Applying Prospect Theory to Participation in a CAPI/Web Panel Survey

Peter Lynn a,
PMCID: PMC6848831  PMID: 31723305

Abstract

Prospect theory states that the influential power of avoiding negative outcomes is stronger than that of achieving positive outcomes. In a survey context, this theory has been tested with respect to not only participation in a CATI survey, but also giving consent to data linkage in CATI surveys. No study, however, has tested the theory with respect to participation in a CAPI or web survey. This study does so in a mixed-mode panel context; it also tests the moderating effects of time-in-panel, response history, and mode protocol. Results show that the framing of the survey participation request influences participation propensity in a way consistent with prospect theory, but only for relatively recent panel entrants. The opposite effect is found for long-term panel participants. No difference is found between mode protocols.

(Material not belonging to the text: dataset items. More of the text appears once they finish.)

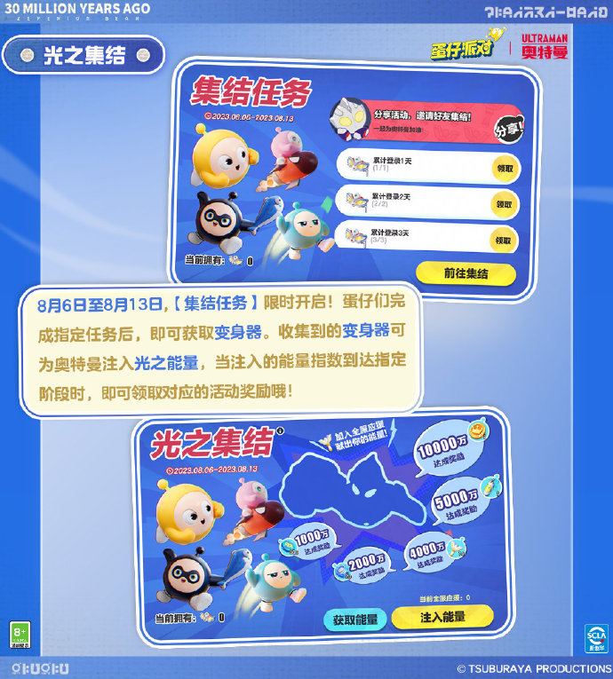 照亮黑暗,击退邪恶! 8月11日《蛋仔派对》奥特曼同步启动,联动角色今日公布!无论黑暗多么强大都不会退缩的蒂迦、拥有丰富战斗经验和格斗技巧的零、正义感强烈、能量无穷的泽塔,三位光之巨人来到了蛋仔岛。与Eggboy 战斗。让我们携手面对强敌——太空忍者巴尔坦吧!
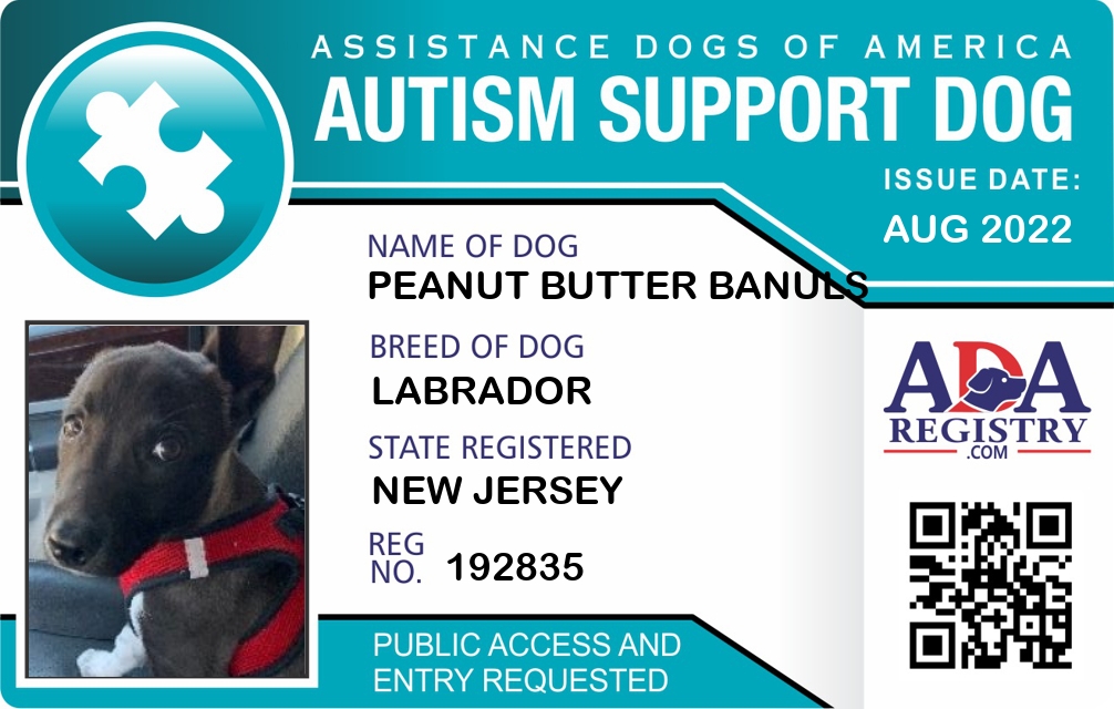 Autism Assistance Dog Registration for Peanut Butter Banuls
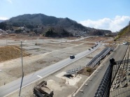 そして最後に、その近くの急な石の階段を登ると、テレビなどでもよく映される日和山公園があります。震災当日、多くの人々がこの階段を上って津波を逃れたと言われます。そこから眺める風景によって、少しずつ復興が進んでいる様子が分かります。かつて市立病院が建っていた場所は、今は建物が取り壊され、かさ上げのための盛り土がなされていました。また、海岸線近くには無数の車が積み上げられていましたが、今日はもうそれらがなくなっていました。震災発生時刻が近づくにつれ、多くの方々が集まってきて、午後2時46分、サイレンの鳴り響く中、1分間の黙祷をささげました。黙祷しながら、3年前の震災のことがよみがえり、建物が倒れるのではないかと思いながら大きな声で叫んでいたときのことを思い出しました。*続きます
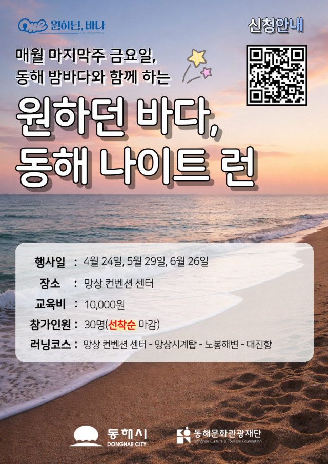 동해문화관광재단은 해양레저스포츠 관광 활성화 공모사업의 일환으로 ‘동해 나이트런’을 4월부터 11월까지 매월 마지막주 금요일 오후 7시 30분부터 9시까지 망상 일원에서 운영한다.

Prospect theory (Kahneman and Tversky 1979, 1984) is a general theory concerning the psychology of decision-making. It states that the influential power of avoiding negative outcomes is stronger than that of achieving positive outcomes. Experimental evidence is consistent with the theory in several contexts. For example, people are more willing to take actions to prevent a charity from losing $10 than they are to earn $10 for the charity (Kahneman 2011).

In a survey context, the theory has been applied to the decision to take part (or not) in a survey and to the decision to give consent (or not) to data linkage. Tourangeau and Ye (2009) carried out an experiment on a telephone follow-up to an RDD survey in the United States, in which interviewers emphasized either the positive benefits of participation or the negative consequences of not participating. They found a higher re-interview rate with the negative appeal. Two separate studies, also both on telephone surveys, found a higher rate of consent to data linkage with the negative wording. One of these studies took place in the United States (Kreuter, Sakshaug, and Tourangeau 2016), and the other in Germany (Sakshaug, Wolter, and Kreuter 2015). Bradburn (2016) has noted that the idea might also be applicable in other survey contexts.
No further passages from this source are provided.